According to trades tracked by ICE, $4 million of Cal GO 5s of 9/1/2041 [13063DE53] traded at 130.632 (originally priced on April 20 as 5s at 130.115 to yield 1.71%); $4.765 million of forward delivery Cal 5s of 11/1/2031 [13063DZD3] traded at 135.686, a yield of 1.048% (originally priced on Oct. 21, 2020 as 5s at 134.239 to yield 1.33%); and $1 million of Cal 5s of 11/30/2034 [13063DA81] traded at 134.125, a yield of 1.22% (originally priced on March 11 as 5s at 133.042 to yield 1.35%).

High-grade municipals were unchanged Friday, according to final readings on Refinitiv MMD’s AAA benchmark scale. Short yields were steady at 0.50% in 2022 and 0.70% in 2023. Out longer, the yield on the 10-year muni was flat at 0.93% while the yield on the 30-year remained at 1.55%.

The 10-year muni-to-Treasury ratio was calculated at 59.3% while the 30-year muni-to-Treasury ratio stood at 68.9%, according to MMD.

The ICE AAA municipal yield curve showed short maturities flat at 0.06% in 2022 and at 0.09% in 2023. The 10-year maturity was flat at 0.94% while the 30-year yield remained at 1.55%. The 10-year muni-to-Treasury ratio was calculated at 59% while the 30-year muni-to-Treasury ratio stood at 69%, according to ICE.

The IHS Markit municipal analytics AAA curve showed yields at 0.06% in 2022 and 0.09% in 2023. The 10-year stood at 0.91% while the 30-year yield was at 1.55%.

Treasuries were slightly weaker as stock prices traded up.

The three-month Treasury note was yielding 0.03%, the 10-year Treasury was yielding 1.57% and the 30-year Treasury was yielding 2.25%. The Dow rose 0.80%, the S&P 500 increased 1.25% and the Nasdaq gained 1.60%.

Primary market
The New Jersey Transportation Trust Fund Authority is set to sell $1.57 billion of bonds on Wednesday in four separate deals — all priced by bookrunner Citigroup.

The $589.7 million of Series A refunding bonds (Baa1/BBB/BBB+/NR) consists of serial bonds from 2025-2036. Another $584.2 million consists of forward delivery transportation program bonds (Baa1/BBB/BBB+/A-) in Series AA, which is a refunding structured from 2023 to 2038, while Series 2022 A is also a forward delivery that consists of $281.7 million of Transportation system refunding bonds (Baa1/BBB/BBB+/NR) that mature from 2038 to 2042.

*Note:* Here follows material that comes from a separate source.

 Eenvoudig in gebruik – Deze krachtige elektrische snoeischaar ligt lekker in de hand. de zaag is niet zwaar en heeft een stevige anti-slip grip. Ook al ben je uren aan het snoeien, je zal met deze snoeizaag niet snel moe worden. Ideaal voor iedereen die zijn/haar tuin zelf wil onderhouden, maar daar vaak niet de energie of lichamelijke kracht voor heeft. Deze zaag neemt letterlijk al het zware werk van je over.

Meanwhile, the authority will also sell $116.2 million of fixed-rate program notes (Baa1/BBB/BBB+/A-) in a 2014 Series BB-2 remarketing structure from 2030 to 2040.

The Massachusetts Clean Water Trust is set to offer $354.7 million on Thursday in two series — $142.8 million of state revolving fund bonds in Series 23 A green bonds and $211.8 million of Series 23B sustainability bonds (Aaa/AAA/AAA/NR). Morgan Stanley is the lead manager.

Oregon is set to issue $234.2 million of taxable general obligation bonds (Aa1/AA+/AA+/NR) for higher education on Thursday. Series 2021 G is $129.9 million, while Series 2021 I is $104.3 million — both to be priced by BofA Securities.

The Lamar Consolidated Independent School District, Texas, is set to sell $233.8 million of unlimited tax schoolhouse bonds (Aaa/AAA) on Tuesday. The bonds are insured by the Texas Permanent School Fund Guarantee Program and mature serially 2023 to 2041 with terms in 2046, 2051, and 2061. Raymond James & Associates is the lead bookrunner.

The Northside Independent School District, Texas, is planning to sell $128.2 million of unlimited tax refunding bonds (Aaa/ /AAA/ ) in taxable series 2021 on Tuesday. Insured by the Texas PSF, the deal is structured serially from 2022 to 2041 and is being senior managed by Ramirez & Co.

The Board of the Trustees of Northern Illinois University is set to sell $106 million of auxiliary facilities system revenue refunding bonds ( /AA/ / ) on Tuesday. The bonds are insured by Build America Mutual Assurance Co. and are being priced by bookrunner Piper Sandler.